• INFORMATION SUPPLIED:
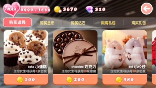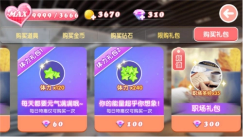 要是觉得推进过程比较吃力,你可以借助游戏里的《恋爱宝典》来快速增加好感度,也能购买“职场礼包”加快职业成长的步伐,这样就能更轻松地获得恋爱相关的资源了。
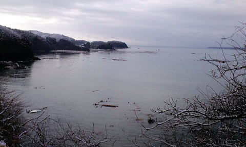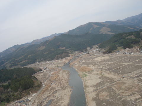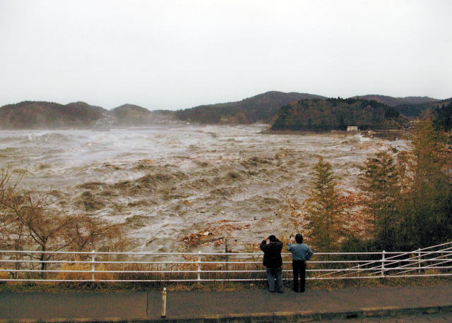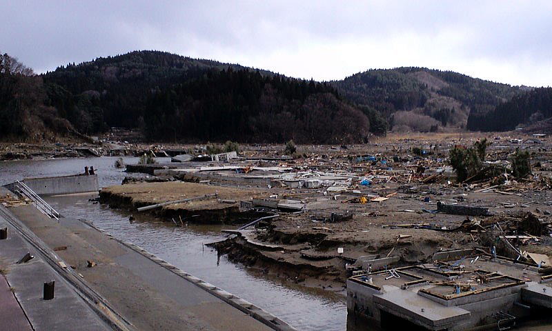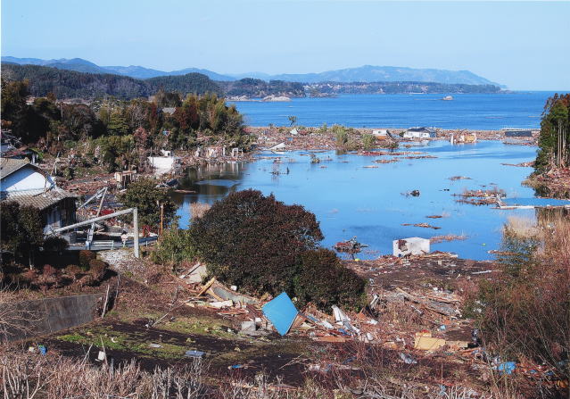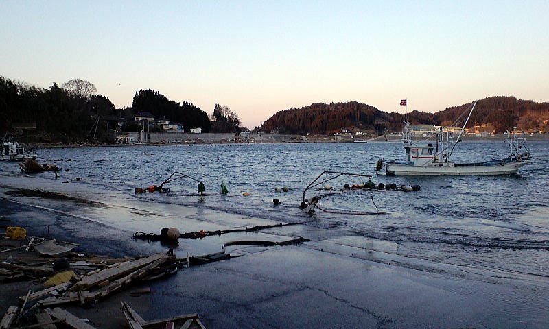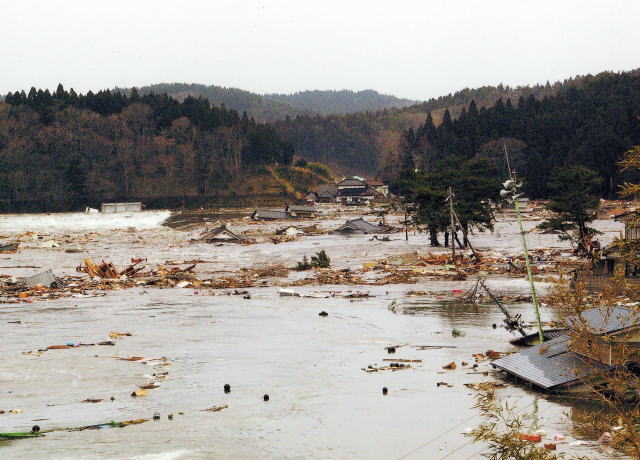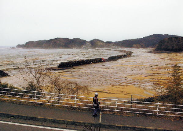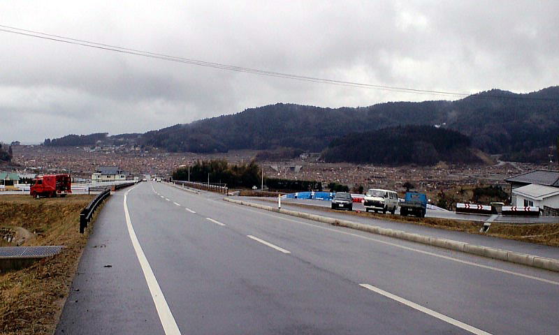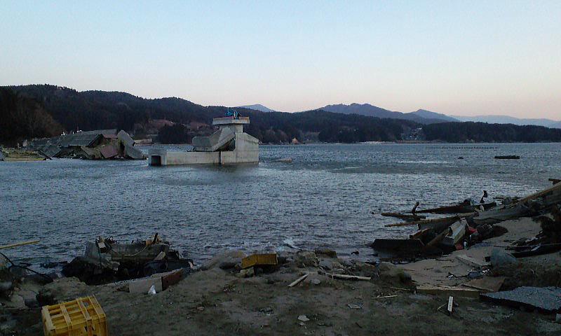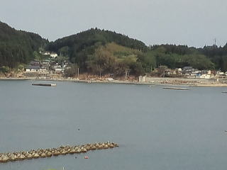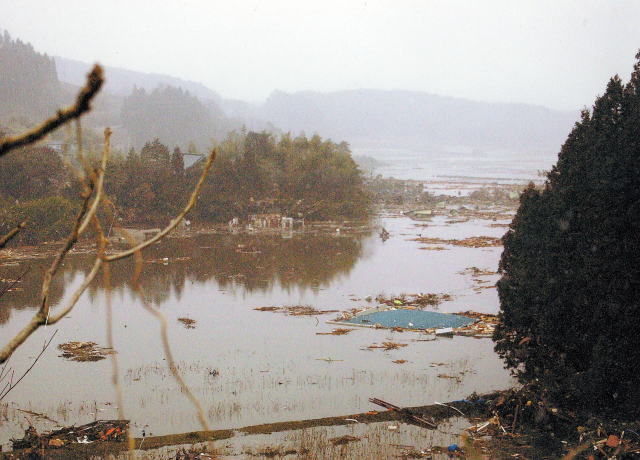 大野地区が防波堤で、せき止められて湖になってしまいました。
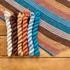 The Trastevere Shawl invites you to kick back and relax and enjoy being in the moment as you explore colours and textures through your knitting. The simple ‘slip 1, knit one’ stitch pattern creates a stitch pattern reminiscent of cobblestone streets, each colour creating a new path. The pattern works beautifully with 6 or more mini-skiens, or why not use it to go stash busting. At the end of this pattern you will find a handy checklist that will help you to determine how much yarn you will need for each section.

• EXERCISE DESCRIPTION:
Give the data again word for word, without images.

• ANSWER FOR THE TASK:
 要是觉得推进过程比较吃力,你可以借助游戏里的《恋爱宝典》来快速增加好感度,也能购买“职场礼包”加快职业成长的步伐,这样就能更轻松地获得恋爱相关的资源了。
 大野地区が防波堤で、せき止められて湖になってしまいました。
 The Trastevere Shawl invites you to kick back and relax and enjoy being in the moment as you explore colours and textures through your knitting. The simple ‘slip 1, knit one’ stitch pattern creates a stitch pattern reminiscent of cobblestone streets, each colour creating a new path. The pattern works beautifully with 6 or more mini-skiens, or why not use it to go stash busting. At the end of this pattern you will find a handy checklist that will help you to determine how much yarn you will need for each section.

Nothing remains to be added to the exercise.